Extracted material:
==============================
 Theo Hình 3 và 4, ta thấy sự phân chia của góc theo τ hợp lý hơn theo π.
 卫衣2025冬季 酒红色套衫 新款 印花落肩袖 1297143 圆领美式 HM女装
==============================
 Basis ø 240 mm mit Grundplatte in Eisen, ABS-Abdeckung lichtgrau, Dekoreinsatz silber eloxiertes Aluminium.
==============================
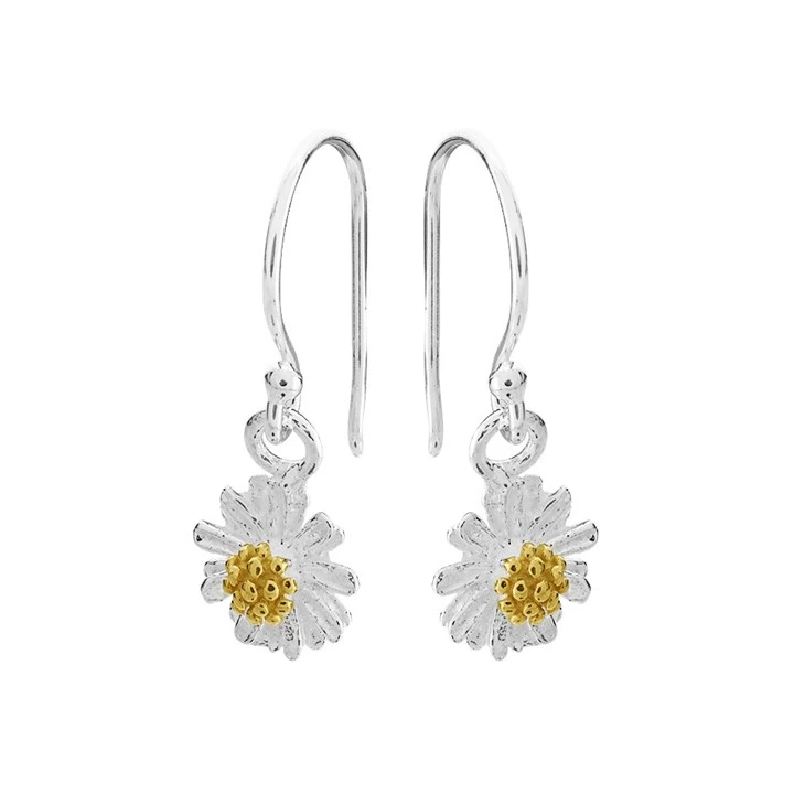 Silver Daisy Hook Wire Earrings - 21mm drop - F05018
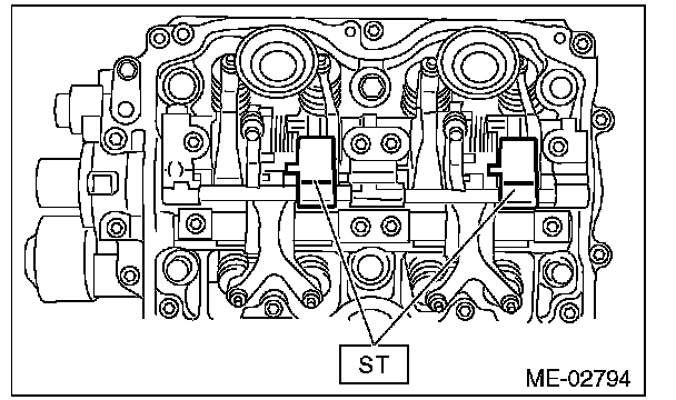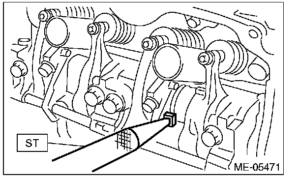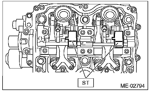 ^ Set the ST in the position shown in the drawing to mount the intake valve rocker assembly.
==============================
Work to complete:
Could you reproduce, exactly, every line above from the line with "Theo Hình 3" to the line with "卫衣2025冬季 酒红色套衫 新款 印花落肩袖 1297143 圆领美式 HM女装", and no other line? Both ends count.

Exercise result:
 Theo Hình 3 và 4, ta thấy sự phân chia của góc theo τ hợp lý hơn theo π.
 卫衣2025冬季 酒红色套衫 新款 印花落肩袖 1297143 圆领美式 HM女装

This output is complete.